# Communities > Antique Arms & Armour Community > Middle-East, India & Africa (MEIA) >  Arabic/Russian sword

## LawrenceN

I'd appreciate any information any of you could give me regarding an interesting piece I've picked up.  It's a Russian configuration sabre, but the numbers on it are Arabic.  There are no cyrillic letters of any kind.  The numbers all match on the quillion and blade and the last 2 numerals are on the throat and chape of the scabbbard.  Though crudely forged and with a very coarse edge ground onto it, it is really in very good condition.  There's no dents or rust blossoms, and even the leather washer is still there, though it's falling apart.  I've caught bits & pieces of information on this site, but do any of you folks have some concrete information for me?  Things like probable dates and provenance would be most appreciated.  Does it have any value?  Thank you in advance.

----------


## Timo Nieminen

It's a Persian shashka.

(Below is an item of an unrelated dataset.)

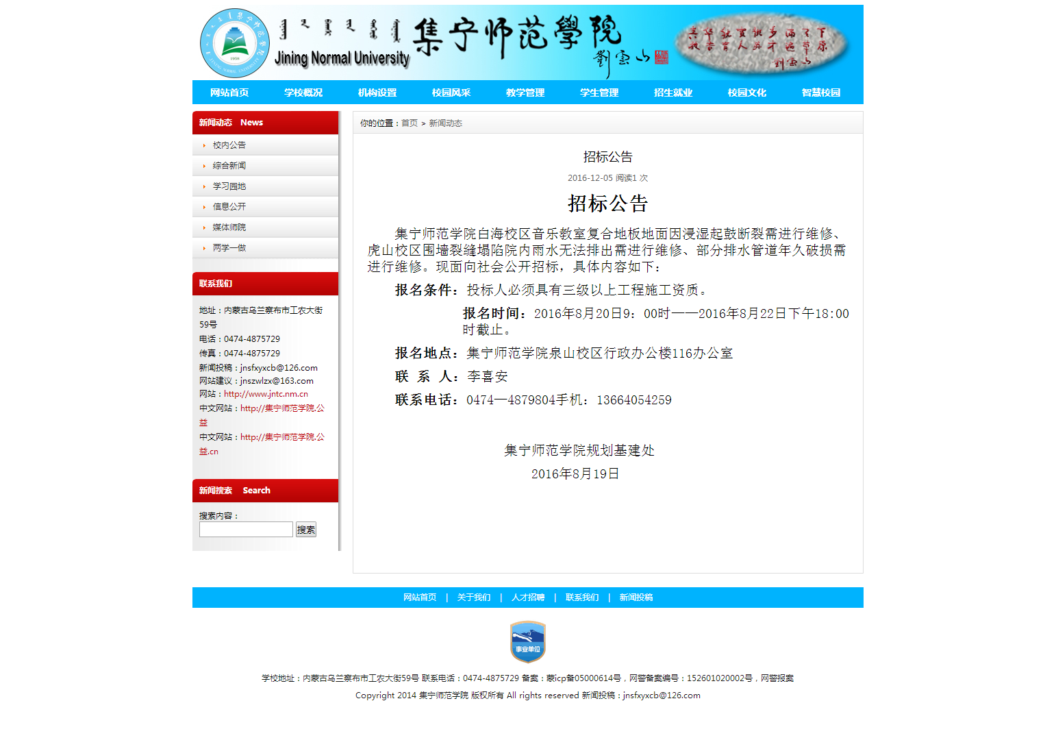 招标公告-beat365正版唯一官方网站白海校区音乐教室地面、虎山围墙、家属区排水管道

AFAIK, these were mostly carried by soldiers in the Persian Cossack Brigade, established c. 1880. Searching this forum, or Googling, for "Persian shashka" should reveal other examples of such swords, and info on them.

----------


## Nav Ghosh

Why does it have a brushed look? A machine has been over that at some point and maybe the 1877 numerals were touched up. It strikes me. Doesn't make any sense that this sword should be so rough. Crude is the word, sorry...

----------


## LawrenceN

When I initiated the thread, I had mentioned that it is crudely forged.  I have the feeling that very little care was given to the cosmetics of the blade, probably because it was meant for export.  I'd have to see a real Russian piece to make a comparison. When you sight down the blade, it's actually very true and it is a nicely tempered, flexible sword in spite of its appearance.  It's a "no-nonsense" fighting sword, with no frills.  The numbers haven't been retouched for sure.  The patina is even in them, and on the scabbard.  My feeling is that it may never have been issued as there is little actual wear on it.  If I had a better camera, I could get more detail on the blade and scabbard.

----------